In recent weeks I find myself getting so emotional about such random things. I'm feeling all the feels for commercials, articles, video clips on you tube. You name it and i'm feeling it. The more sentimental the more I feel.
I have never been an overly emotional person. In fact I thought I had a heart of ice because I could barely feel things. There have been personal situations that did get to the core of me but those things were super personal to me like my grandparent's funerals, my kids all starting kindergarten, when my boys each graduated from elementary school. But really that's it.
However, I'm feeling things so much more and it's a bit strange for me.
As we settle into our forever home I know I have changed. I have grown. I have matured. I'm embracing this life. I'm savoring the moments with my kids, especially as I watch my boys pull away and become teenagers. I want these moments to count. As a result of this I"m thinking that as I watch the commercials, videos and read the stories I am relating more as a mother. As a mother with children who are excited about growing up and striking out on their own.
As a mother I want this for them but I also want to keep them close for as long as I can. I struggle with these feelings. This struggle adds to the emotions I feel for everything I watch and see. I'm turning into a cryer. And that's ok. I cry because my family is growing up. As they should. And when they all do it'll be time for my and T to rekindle our alone time. To make our empty nest years the best years. To grow old and sip ice tea on the deck together, while we hold hands.
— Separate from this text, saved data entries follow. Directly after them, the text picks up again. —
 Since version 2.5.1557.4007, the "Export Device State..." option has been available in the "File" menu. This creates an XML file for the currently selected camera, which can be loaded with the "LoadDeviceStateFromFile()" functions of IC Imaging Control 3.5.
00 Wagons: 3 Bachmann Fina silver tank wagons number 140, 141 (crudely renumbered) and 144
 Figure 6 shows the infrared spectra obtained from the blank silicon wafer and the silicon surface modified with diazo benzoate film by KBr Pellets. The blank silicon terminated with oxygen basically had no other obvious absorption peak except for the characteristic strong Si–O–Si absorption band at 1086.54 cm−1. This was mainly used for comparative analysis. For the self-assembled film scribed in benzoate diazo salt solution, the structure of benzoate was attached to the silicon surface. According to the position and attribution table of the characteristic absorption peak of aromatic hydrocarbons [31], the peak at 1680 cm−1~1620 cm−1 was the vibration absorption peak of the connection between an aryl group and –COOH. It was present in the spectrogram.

I feel the feelings with intensity.
I never thought I would be the person who felt all the emotions. Who cried out of love. Who cried out of happiness. Who cried just to cry in order to let it all out. The cry is always followed up with a smile. A smile that reminds me that all the feelings are genuine and warranted.
I will continue to feel it all. To hold my kids close for as long as I can. To envelope them in my arms even when they want to pull away. To keep their warmth close to my heart on days they want to stay in there rooms and talk on the phone. I see myself in those moments and can only imagine how my own mother felt.
But the feelings. All the feelings. It swells my heart.